Love the quote! Thanks for sharing!! 
Best!


----------



## alphadude (Jan 15, 2010)

Your videos are great! Very touching. I totally enjoyed watching Dixie's passage through 2013, and I wish you both many, MANY more happy years together. She is a beautiful, athletic, smart, and well trained golden. I was impressed at the effortless way she is able to jump through the ring. She gets some nice height. I also like the stop motion running shot with all 4 off the ground. You two seem to have a very deep bond. Keep up the great work.


----------



## CAROLINA MOM (May 12, 2009)

Great Video-I just love your Dixie!

You have done a fantastic job training her.


----------



## Wendy427 (Apr 4, 2009)

Excellent video. Dixie is such a sweetheart!


----------



## Door (Apr 2, 2010)

She loves you no matter what.


----------



## Burd (Aug 11, 2011)

Bryton2341 said:


> That was so Awesome!! Made me cry, as I have just lost my beautiful Boy!
> Love the quote! Thanks for sharing!!
> Best!


Thank you!
And I'm so sorry for your loss. </3 



alphadude said:


> Your videos are great! Very touching. I totally enjoyed watching Dixie's passage through 2013, and I wish you both many, MANY more happy years together. She is a beautiful, athletic, smart, and well trained golden. I was impressed at the effortless way she is able to jump through the ring. She gets some nice height. I also like the stop motion running shot with all 4 off the ground. You two seem to have a very deep bond. Keep up the great work.


Thanks, alphadude!
Our bond seems to have deepened over the past year. <3 It may seem hard to believe, but I actually had trouble feeling a special bond with Dixie for the first several months of having her. I really truly loved her, but just didn't feel it. You know what I mean? It's kind of hard to explain.
I didn't start feeling something with her until she was about 9 months. And it grew from there, but 2013 just felt special. <3



CAROLINA MOM said:


> Great Video-I just love your Dixie!
> 
> You have done a fantastic job training her.





Wendy427 said:


> Excellent video. Dixie is such a sweetheart!

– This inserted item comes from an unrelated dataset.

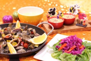ハロウィンカラーの食卓でパーティーを盛り上げよう!講師 TG-com 対象 男女混合 12名 受講料 2,800円(税込) メニュー イカスミのパエリア
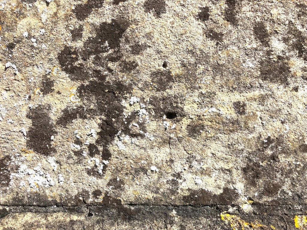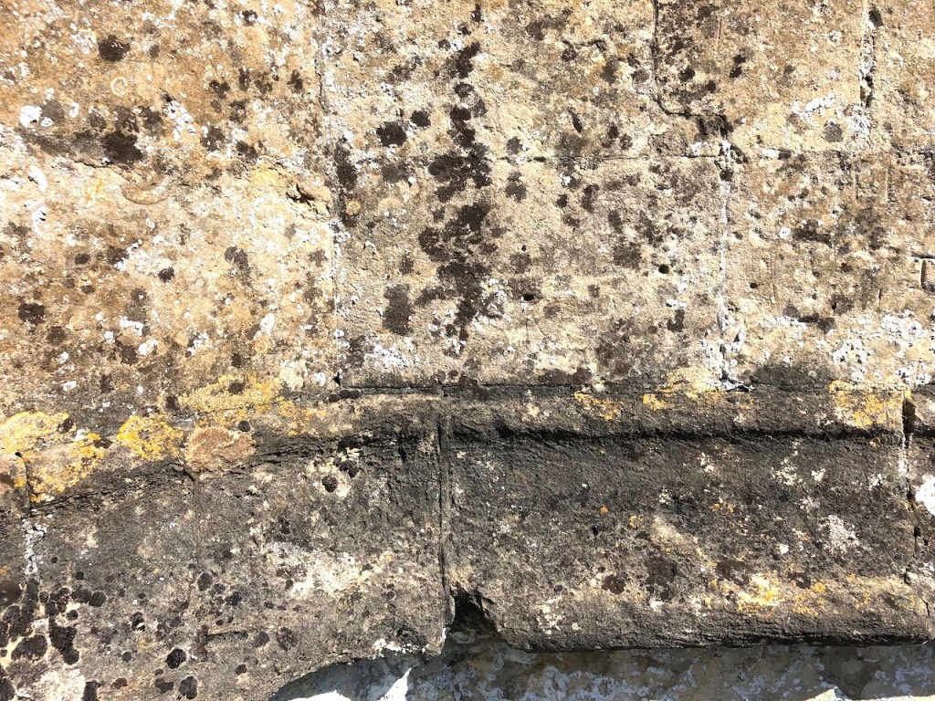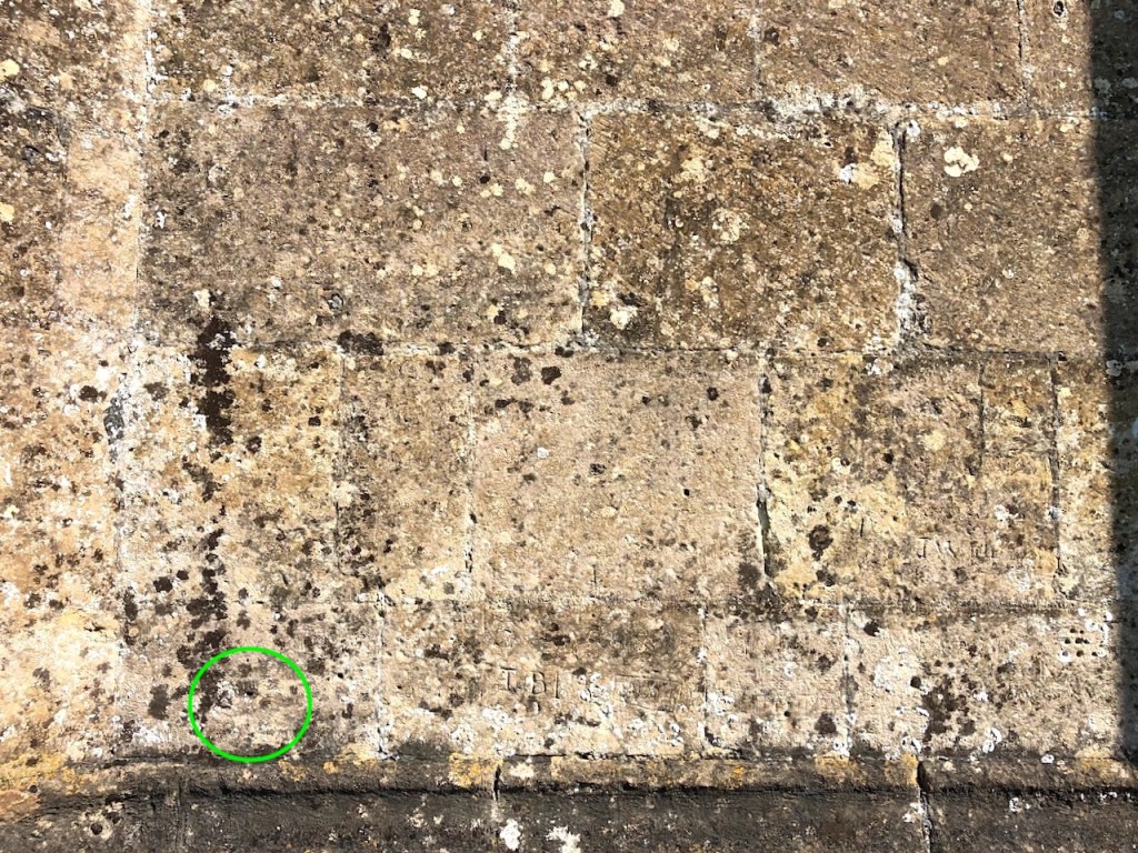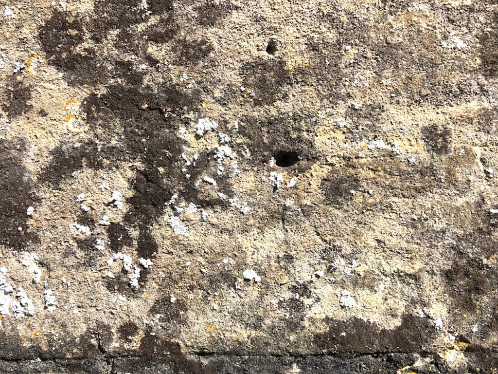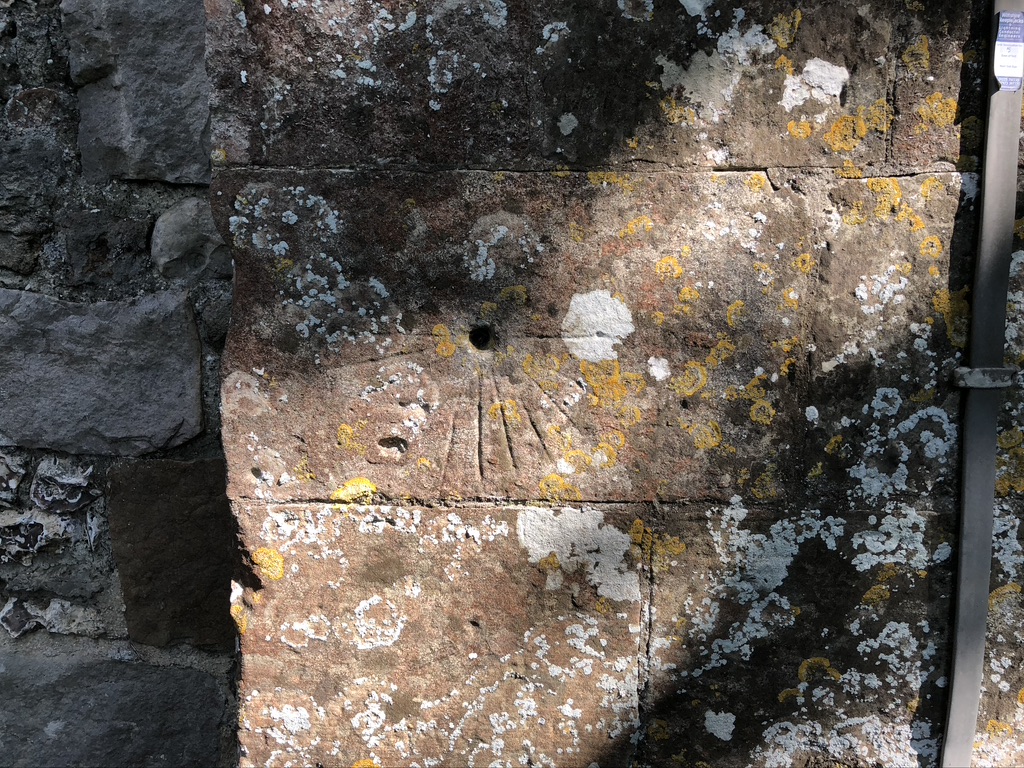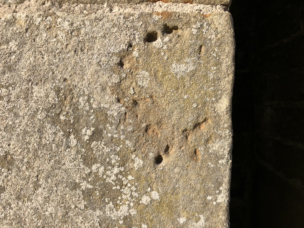 Erosion and lichen obscure the finer details. BSS records 7 lines but a close-up photo in sunlight reveals about a dozen, with possibly some shorter lines (half-hour marks?). There are also pocks, 2 or 3 of which could relate to the dial – in particular the 2 ‘terminal’ ones adjacent to the noon line just above the mortar.

Thank you both very much!! :wave:


----------



## alphadude (Jan 15, 2010)

1995yope said:


> Thanks, alphadude!
> Our bond seems to have deepened over the past year. <3 It may seem hard to believe, but I actually had trouble feeling a special bond with Dixie for the first several months of having her. I really truly loved her, but just didn't feel it. You know what I mean? It's kind of hard to explain.
> I didn't start feeling something with her until she was about 9 months. And it grew from there, but 2013 just felt special. <3


I hear that. Ax and I got off to a rocky start too once upon a time but now we're best buds.


----------



## Stephan (May 23, 2011)

I like the video! Thank you!


----------



## swishywagga (Nov 13, 2012)

I don't know how I managed to get to Easter and not see your video!, wonderful footage of Dixie as always x


----------